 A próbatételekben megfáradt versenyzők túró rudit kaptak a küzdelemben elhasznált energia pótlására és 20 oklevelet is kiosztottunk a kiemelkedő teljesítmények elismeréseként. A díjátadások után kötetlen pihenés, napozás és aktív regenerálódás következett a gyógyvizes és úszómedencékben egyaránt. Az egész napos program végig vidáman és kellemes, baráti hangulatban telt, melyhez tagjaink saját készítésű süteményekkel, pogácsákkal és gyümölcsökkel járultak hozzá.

# # # #

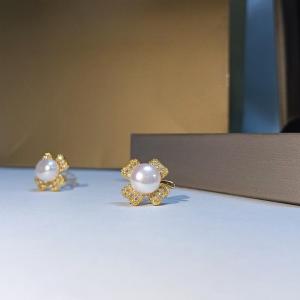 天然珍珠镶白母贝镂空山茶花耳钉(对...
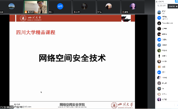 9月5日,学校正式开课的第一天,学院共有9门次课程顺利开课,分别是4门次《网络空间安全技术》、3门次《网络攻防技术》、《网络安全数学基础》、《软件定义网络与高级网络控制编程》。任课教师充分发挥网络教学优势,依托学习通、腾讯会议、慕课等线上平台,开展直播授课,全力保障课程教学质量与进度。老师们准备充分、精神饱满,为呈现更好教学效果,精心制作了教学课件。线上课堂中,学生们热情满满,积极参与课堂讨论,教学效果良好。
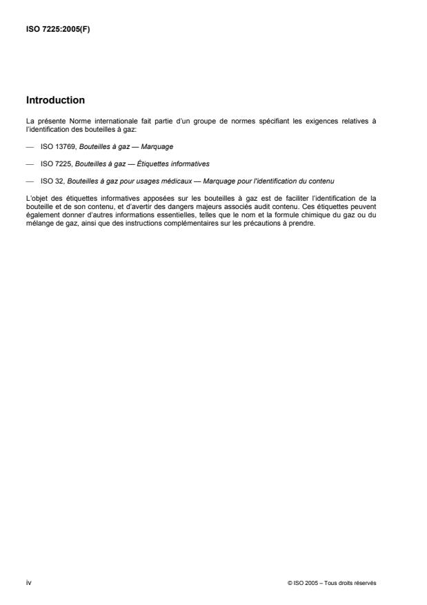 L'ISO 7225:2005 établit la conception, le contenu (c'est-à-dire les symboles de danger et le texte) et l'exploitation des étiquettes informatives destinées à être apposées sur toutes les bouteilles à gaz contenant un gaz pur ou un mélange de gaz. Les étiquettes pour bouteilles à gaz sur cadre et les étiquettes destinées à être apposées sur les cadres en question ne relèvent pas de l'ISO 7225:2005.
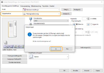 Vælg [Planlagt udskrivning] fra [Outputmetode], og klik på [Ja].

# # # #

Exercise instructions -> Would you copy, word for word, only the lines above from the one containing "L'ISO 7225:2005 établit" through the one containing "Vælg [Planlagt udskrivning]", both included, and please leave out the pictures?

Answer for the task ->
 L'ISO 7225:2005 établit la conception, le contenu (c'est-à-dire les symboles de danger et le texte) et l'exploitation des étiquettes informatives destinées à être apposées sur toutes les bouteilles à gaz contenant un gaz pur ou un mélange de gaz. Les étiquettes pour bouteilles à gaz sur cadre et les étiquettes destinées à être apposées sur les cadres en question ne relèvent pas de l'ISO 7225:2005.
 Vælg [Planlagt udskrivning] fra [Outputmetode], og klik på [Ja].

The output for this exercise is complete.